Patient cancer cells help to test treatments
A study, published today in Cell, demonstrates the power of organoids to capture, in three dimensions, the multiple mutations that occur in tumours. Organoids, small clusters of cells that accurately mimic the behaviour of human tissue, can be used to test cancer drugs and, eventually, to identify effective personalised treatments for patients.
Until now, cancer drug screening has primarily been carried out using two-dimensional cell lines grown in dishes, or in mouse models. Organoids, which more closely resemble human tumours than cell lines, and are less time and resource intensive than mouse models, offer researchers a middle ground between existing approaches.
These exciting findings are the result of an international collaboration involving research teams in the UK, Netherlands, and the US.
"Every tumour is different, even those that arise in the same organ. They each have a mixture of cells with different mutations that subsequently determine if a treatment will be effective," explains Dr Hayley Francies, a first author from the Wellcome Trust Sanger Institute. "Organoids, much to our delight, replicated the features of patient tumours. This gives us a more realistic environment in which to test new and existing drugs, and to explore combination therapies."
Researchers at the Hubrecht Institute, The Netherlands, have pioneered the use of organoids, which have important applications in cancer research, stem cell biology and regenerative medicine. The organoids used in the study were derived at the Hubrecht Institute using stem cells from colon tissue. Stem cells, which are found in most tissues, are responsible for growth and repair, so they replicate constantly. When isolated in culture, the cells continue to grow, forming small cell-clusters that retain their tissue identity.
Samples from healthy tissue and cancerous tissue were taken from 20 patients with colorectal carcinoma and used to form the organoids. The organoids were then exposed to a range of colorectal cancer treatments as part of the Sanger Institute's high-throughput drug screen, which is testing hundreds of different drugs against cancer cell lines.
"This exciting new tool has the potential to transform the way we develop and deliver cancer treatment," says Dr Mathew Garnett, a senior author at the Sanger Institute. "We feel fortunate to have been part of this collaborative scientific effort. We are now building a biobank of organoids at the Sanger Institute that will help to illuminate the complex interactions between the multiple genomic alterations in tumours that determine which drugs work and which don't."
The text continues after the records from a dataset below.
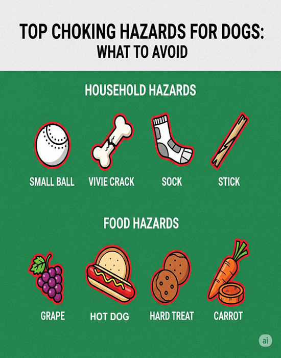 - Identify Common Hazards. Be vigilant about small toys, bones (especially cooked), sticks, rocks, inappropriate chewies, and certain human foods (like small, round items or large chunks of produce) as frequent choking in dogs culprits.
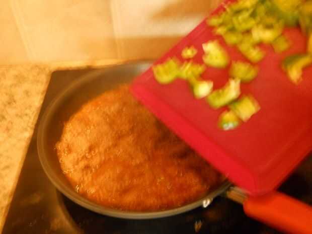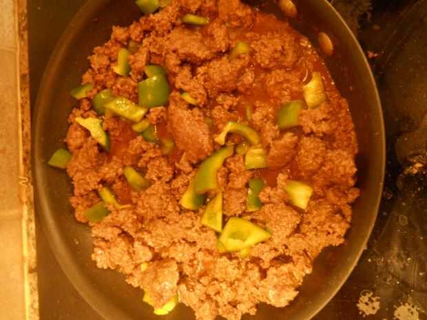 El condimento se trabaja con el agua para formar una salsa que se envuelve la carne molida. Aproximadamente en la mitad para la salsa como consistencia, agregar las verduras. Lo hago porque me gusta mi verduras al dente. Pero, si te gusta la tuya fresco dude en agregarlos al servir.
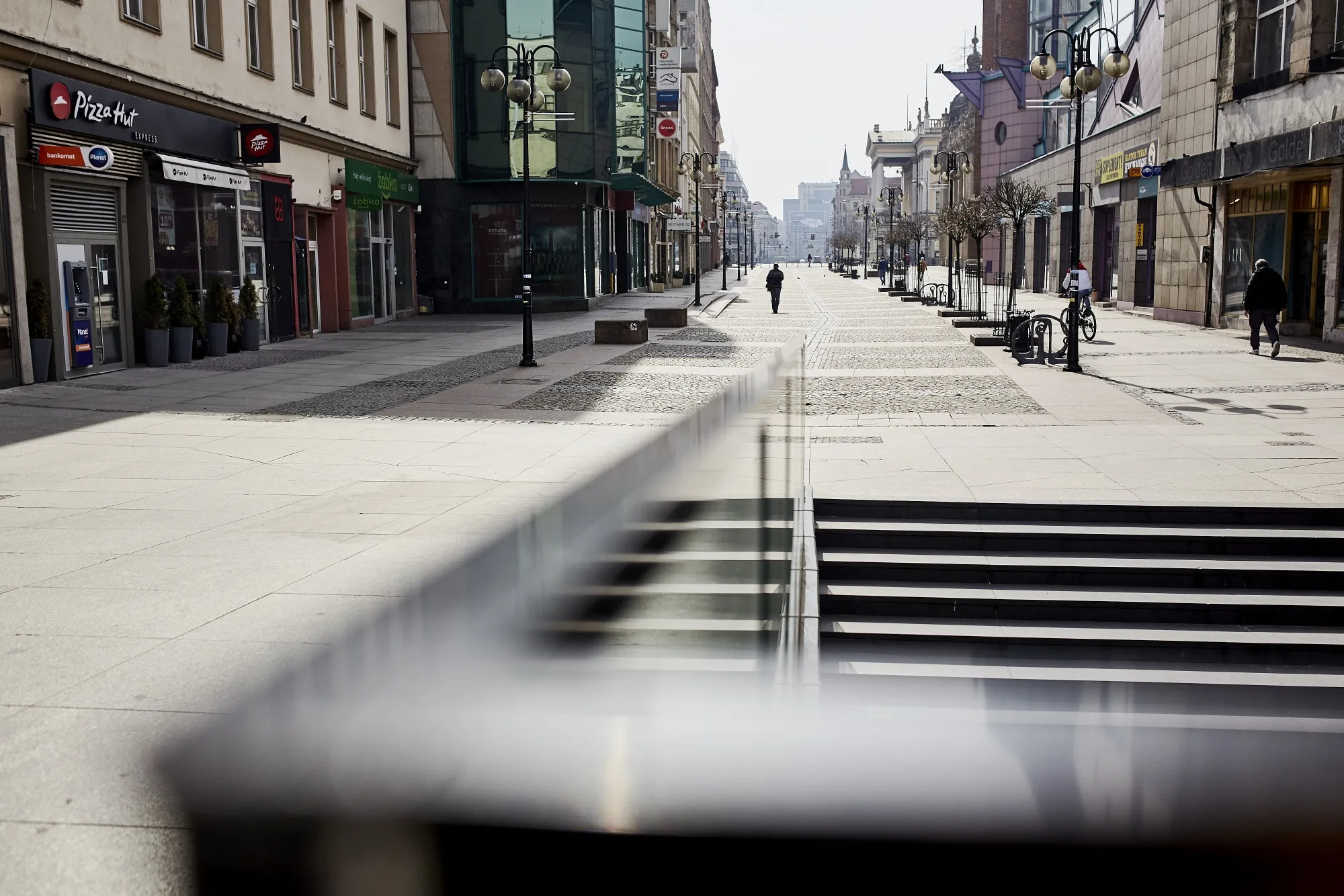 行人经过波兰弗罗茨瓦夫的营业食品摊位和关闭的零售店,时间是3月27日。
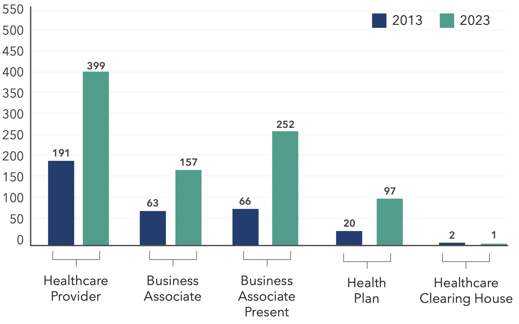 Between 2013 and 2023, the number of Business Associates (BAs) reporting a healthcare data breach increased by 149%. In addition, breaches directly involving BAs and breaches where BAs were present have increased by more than 217% over the past decade.
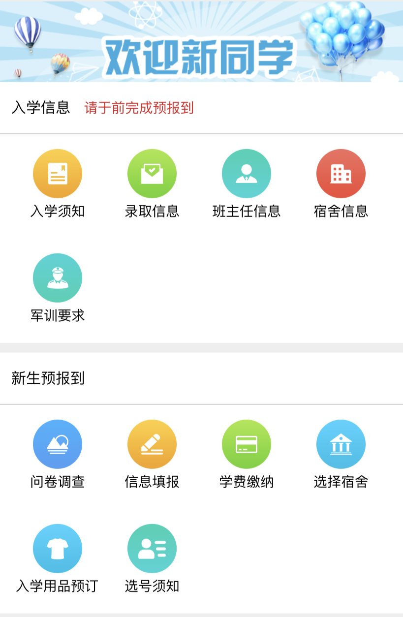 金秋9月,即将迎来新一年的迎新季,学生在收到录取通知书之后,就可以登陆迎新系统,查看迎新相关事宜,可选择通过移动APP完成信息填报、选择宿舍、学费缴费、入学用品预定等多个功能。入校后线下扫码登记,完成整个报到流程。
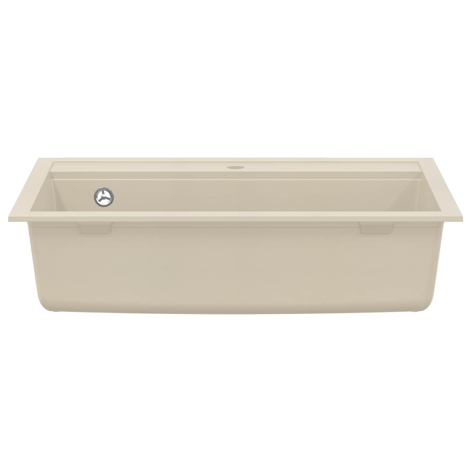 Diese moderne Küchenspüle ist der Inbegriff von Stil und Funktion. Sie wurde entwickelt, um jede zeitgenössische Küche zu verschönern. Die Spüle kombiniert schlichte Schönheit mit praktischer Nützlichkeit und ist ein echtes Must-Have für deinen Kochbereich. Ihre rechteckige Form passt perfekt zu verschiedenen Arbeitsplatten und bietet viele Möglichkeiten für unterschiedliche Küchengestaltungen. Die glatte Oberfläche und der minimalistischen Look machen sie zum Blickfang in deinem Zuhause ? ideal für Köche und Hobbyköche. Stell dir vor, wie elegant sie beim Kochen, Reinigen und alles dazwischen aussieht. Granite und Harz-Kombination Die Spüle besteht aus einer Kombination von Granit und Harz, die eine perfekte Balance zwischen Schönheit und Haltbarkeit bietet. Das schicke Aussehen wird durch Materialien ergänzt, die für ihre Langlebigkeit bekannt sind und dafür sorgen, dass die Spüle über die Jahre hinweg ein Hingucker bleibt. Hitze- und Kratzfest Sie wurde entwickelt, um den Anforderungen einer lebhaften Küche standzuhalten und hält Temperaturen bis zu 280 °C aus. Optimal für heiße Töpfe und Pfannen, zudem kratzfest, sodass die Oberfläche immer schön bleibt. Aufgesetztes Design Das aufgesetzte Design ermöglicht eine einfache Installation und sorgt dafür, dass nichts ausläuft oder verschüttet wird. Es ist einfach zu integrieren und steigert die Effizienz in der Küche. Korbabfluss für einfache Reinigung Mit dem praktischen Korbabfluss wird die Abfallentsorgung leichter, und Verstopfungen werden verringert. Diese Funktion verbessert den Reinigungsprozess und sorgt dafür, dass deine Küche immer ordentlich aussieht. Moderne Ästhetik Die Spüle strahlt moderne Eleganz aus, geprägt durch einfache Formen und klare Linien. Ihr minimalistisches Design passt zu jedem Küchenstil, von modern bis klassisch und schafft eine stilvolle Atmosphäre.
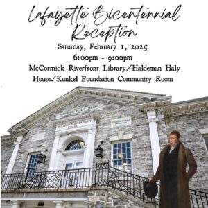 The reception will take place in historic parlors restored to their appearance when Governor Schulze hosted Lafayette on February 1, 1825. Festive hors d’oeuvre, champagne, and aperitifs will be served. Music will be available as well as tours of the McCormick Riverfront Library. Period Early American or French Attire is encouraged but not required.

Organoids could ultimately be used in the clinic to predict how a patient will respond to treatment. However, researchers say that more work to speed up and standardise the process of producing and testing organoids is needed before this is possible. In the short term, organoids are likely to speed up the process of developing new cancer treatments and reduce costs.
"Often, the jump from studying a cancer treatment in cells to performing a successful patient trial is too wide," says Professor Hans Clevers, a senior author at the Hubrecht Institute. "Organoids are so experimentally tractable that they can answer many of our questions about cancers, bridging this gap. Not only can organoids save time and resources, we hope that they will one day let us see how treatments will work in an individual's unique cancer."